Tulsa offering $10,000 for people to move there
Cities like Tulsa, Topeka and Savannah are paying (certain) people to move there, a way to diversify their communities and attract smart and interesting people.
Why it matters: In the "work from anywhere" world, mid-tier cities are betting they can draw talent and vibrancy from major hubs — and so far it seems to be working.
What's happening: It all started in 2018 with Tulsa Remote, a project sponsored by the George Kaiser Foundation, which offers $10,000 and free desk space to qualified people who move from out-of-state and stay at least a year.
- The website pitch: "Hi remote workers! We'll pay you to work from Tulsa. You're going to love it here."
- They're looking for people with cool jobs who want to buy a house and set down roots.
- They get 1,000 applications a week and interview 200–300 candidates on Zoom.
Over two years, about 500 people have moved to Tulsa under the program, Ben Stewart, the executive director, told me. In the first cohort, 90% stayed past the first year.
- Half come from California, New York and Massachusetts, with others from Colorado and Texas.
- "We’re seeing people from all 50 states have interest in the program," Stewart says.
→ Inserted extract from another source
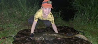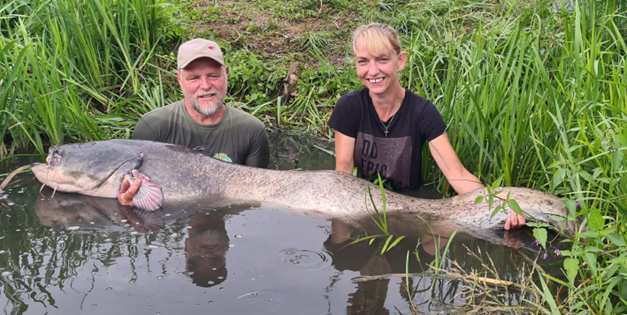 In der Nacht biss bei Armin an der Angel ein riesiger Wels. Erst am Morgen konnte er sicher aus dem Wasser gezogen werden. Auch hier war wieder Teamwork nötig, denn den 204cm großen Wels konnte er unmöglich allein aus dem Kanal ziehen.
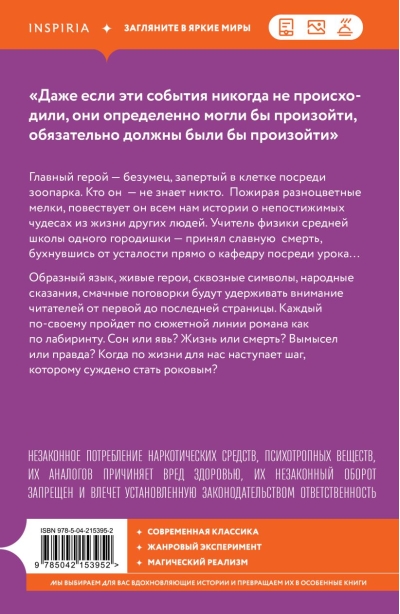 Galvenais varonis ir ārprātīgais, ieslēgts būrī zoodārza vidū. Neviens nezina, kas viņš ir. Rijot krāsainos krītiņus, viņš stāsta mums neaptveramus brīnumus no citu cilvēku dzīvēm. Fizikas skolotājs mazpilsētas vidusskolā nomira krāšņā nāvē, sabrūkot no izsīkuma tieši uz tribīnes stundas vidū...

Context: COVID-19 has galvanized the "work from anywhere" movement, as recently articulated by Harvard Business School professor Prithwiraj Choudhury.
- "For years, brain drain has plagued noncoastal cities in America, with talent and companies relocating to a handful of cities on the coasts," Choudhury wrote in NYT.
- "Fostering 'work from anywhere' is an opportunity to reverse that trend."
The state of play: Other cities offer similar incentives:
- "Choose Topeka" dangles up to $15,000.
- Savannah is offering $2,000 to tech workers.
- Vermont had a $10,000 incentive program that expired last year.
"There's a huge list of cities that have contacted us, and we have been happy to share our learnings," Stewart said. He's heard from folks in Hawaii, Alaska, Alabama, Kentucky and Arkansas.
The bottom line: "We recognized that remote work was a wave that was going to grow," Stewart said. "We didn't realize it would truly explode as it has during 2020."